Orthogonal projection is a concept that allows you to project one vector onto another. This is analogous to casting the shadow of one vector onto another, capturing its component in one direction.
To find the projection of vector \( \mathbf{a} \) onto vector \( \mathbf{b} \), use the formula:

• \( \operatorname{proj}_{\mathbf{b}}(\mathbf{a}) = \frac{\mathbf{a} \cdot \mathbf{b}}{\mathbf{b} \cdot \mathbf{b}} \mathbf{b} \)

This expression describes how much of \( \mathbf{a} \) is in the direction of \( \mathbf{b} \).
Think of orthogonal projections as the 2D shadow of a 3D object under a light ray parallel to the plane of \( \mathbf{b} \).
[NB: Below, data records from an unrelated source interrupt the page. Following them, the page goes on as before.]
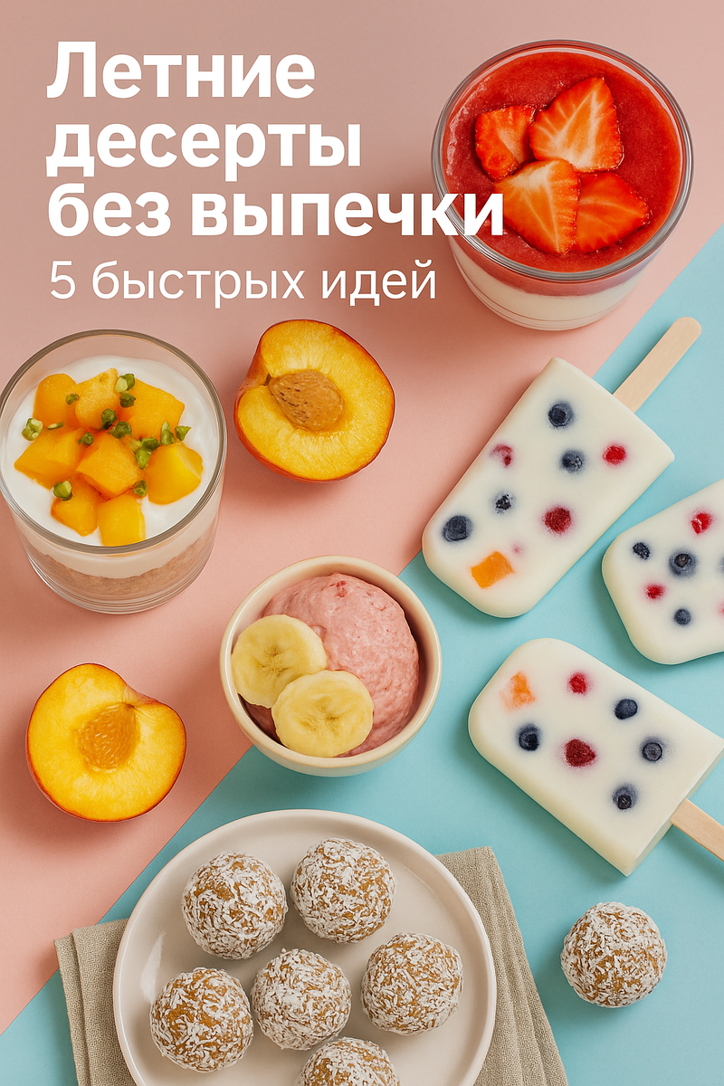 Жара не повод отказываться от сладкого! Но включать духовку в +30 точно никому не хочется. К счастью, есть немало десертов, которые можно приготовить без выпечки — легко, быстро и с летними нотками. В этой статье собрала для вас 5 простых рецептов, которые не потребуют духовки и подойдут даже новичкам на кухне. Почему именно десерты без выпечки? Летом особенно важно не перегружать организм — и кухню — лишним теплом. Десерты без выпечки: По данным кулинарных платформ вроде Tasty и AllRecipes, в летние месяцы запросы на “no bake desserts” вырастают почти вдвое. 🍓 1. Чизкейк в стакане Ингредиенты на 2 порции: Как готовить:
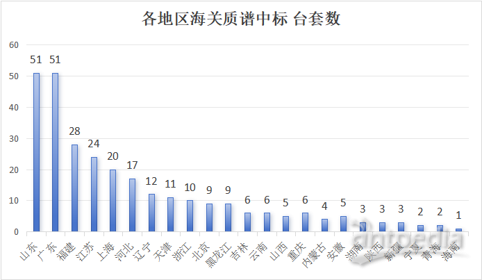 根據(jù)截至12月30日的公開中標(biāo)信息,不完全統(tǒng)計(jì)顯示,全國共有23個(gè)省、直轄市、自治區(qū)的72個(gè)海關(guān)相關(guān)單位參與了質(zhì)譜儀的采購,共采購了288臺套質(zhì)譜儀器,中標(biāo)總金額達(dá)到5.2億元人民幣。
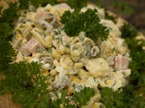 Tortellini ugotować i odcedzić. Przełożyć do szklanej miski. Dodać odsączoną kukurydzę i pokrojone w kostkę pozostałe składniki. Przyprawić do smaku. Dodać majonez i posypać natką pietruszki.
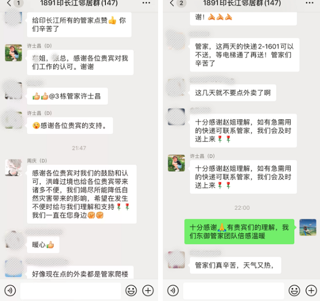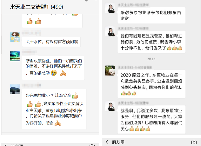 汛情带来威胁都被东原物业快速而坚定的阻挡在围墙之外,快速反应赢得业主认可。
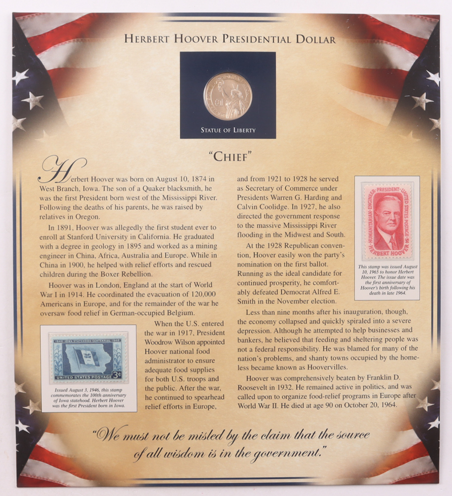Collection features 2014 Herbert Hoover 1$ dollar coin as well as (2) stamps issued in 1946 and 1964. See photos for more details on condition of the item.
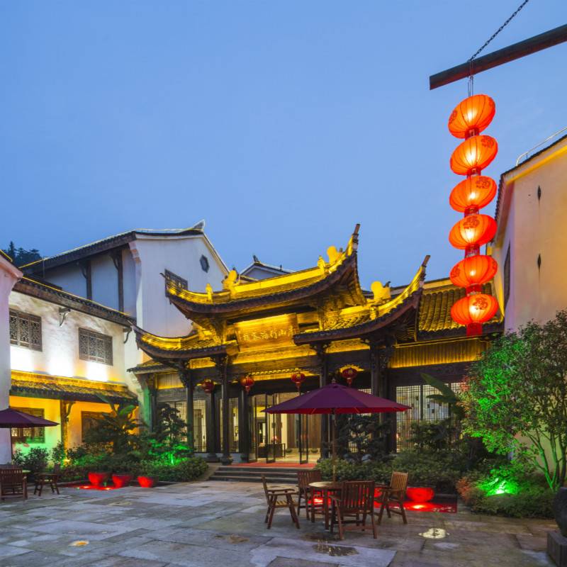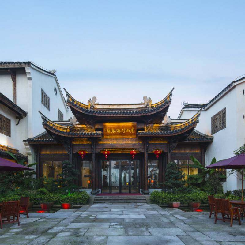 立于万亩竹海脚下的一隅之地,青砖、白墙、黑瓦、溪流,脱离了城市的浮华,宛若陶渊明笔下的世外桃源;这便是南山竹海客栈。客栈往下走5分钟就到御水温泉,往上走5分钟即到南山竹海景区正门,旁边即是南山竹海古街,夜晚大红灯笼亮起来的时候很美。
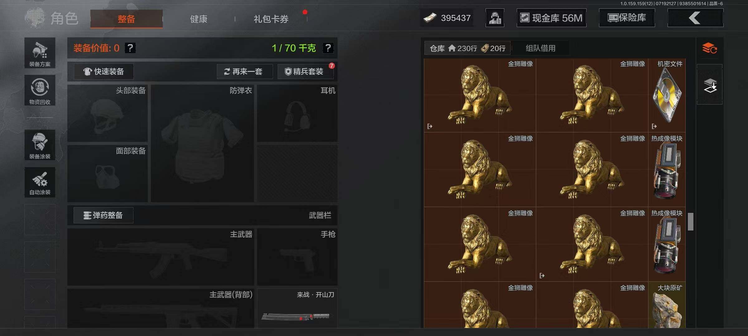 [9992428]暗区 可二次 仓库价值166m 1金呛 现金5600万 机密文件 蓝色咆哮·h416 主客房 理想国 火力倾泻·akm 竞技·m4a1 竞技·aug 最后防线·aek 炎夏浪花·ar57 暗区大鹅陈列 骑士之剑·mk14 骑士之剑·sj16
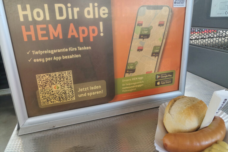 Ich habe’s getan: Ich bin zur HEM, habe mir die App geschnappt, den Tiefpreis gecheckt, mich nicht registriert – und trotzdem ganz normal getankt. Und ja: Die berühmte Zacherl-Küche hätte mich beinahe erwischt. Der „Salami-Kracher“ stand draußen bereit, aber ich bin beim Klassiker geblieben: Bockwurst, Brötchen, Senf. Punkt. Und jetzt…
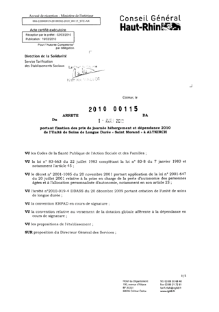 portant fixation des prix de journée hébergement et dépendance 2010 de l'unité de soins de longue durée "Saint Morand" à ALTKIRCH. Resumé Pièces jointes ARRETE Assemblée : Non défini Date : 01/03/2010 Rapporteur : Non défini Collectivité : Conseil départemental du Haut-Rhin Direction : Non défini Service : Direction de l'Autonomie Domaine : Prix de Journée Commission :
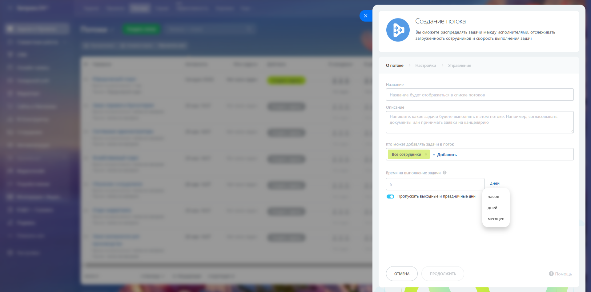 Если вы хотите создать Поток с нуля, нажмите на кнопку «Создать Поток». В открывшемся окне необходимо заполнить основную информацию о Потоке. Дайте Потоку понятное название и краткое описание — чтобы все участники понимали, за что именно отвечает этот поток. В поле «Кто может добавлять задачи» отметьте сотрудников, которые смогут создавать задачи внутри Потока — это поможет ограничить круг постановщиков и сохранить порядок.
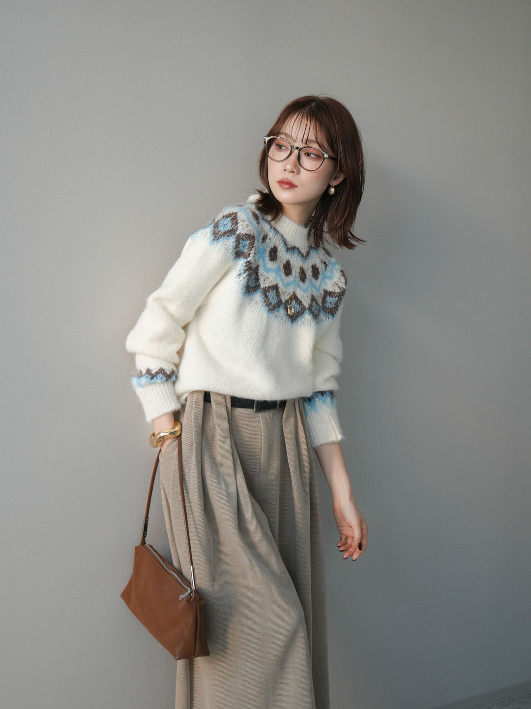 [予約]編み地切替ボトルネックニットプルオーバー/oatmeal

Key characteristics of projections include:

• The direction of the resulting vector is the same as \( \mathbf{b} \).
• The magnitude is less than or equal to that of \( \mathbf{a} \).

This method is frequently used in computer graphics and physics to resolve forces and motions into components along various axes.

Vector Operations

Vector operations encompass the various ways vectors can be manipulated or interacted within math and physics. Key operations include:

• Addition and Subtraction: This involves either joining vectors end-to-end or performing an inverse operation, respectively. Two vectors \( \mathbf{a} = [a_1, a_2, ..., a_n] \) and \( \mathbf{b} = [b_1, b_2, ..., b_n] \) can be added to produce \( \mathbf{c} = [a_1 + b_1, a_2 + b_2, ..., a_n + b_n] \).
• Scalar Multiplication: Multiplying a vector by a scalar stretches or shrinks its magnitude without altering its direction. If scalar is negative, it also inverses direction.
• Magnitude: The length of a vector, calculated as \( ||\mathbf{v}|| = \sqrt{v_1^2 + v_2^2 + ... + v_n^2} \).
• Normalization: Converting a vector to a unit vector, hence reducing its magnitude to 1, keeping direction.

Understanding these operations enables the effective resolution of many practical and theoretical problems, ranging from physics to computer science. Each operation provides tools to analyze and manipulate directional data.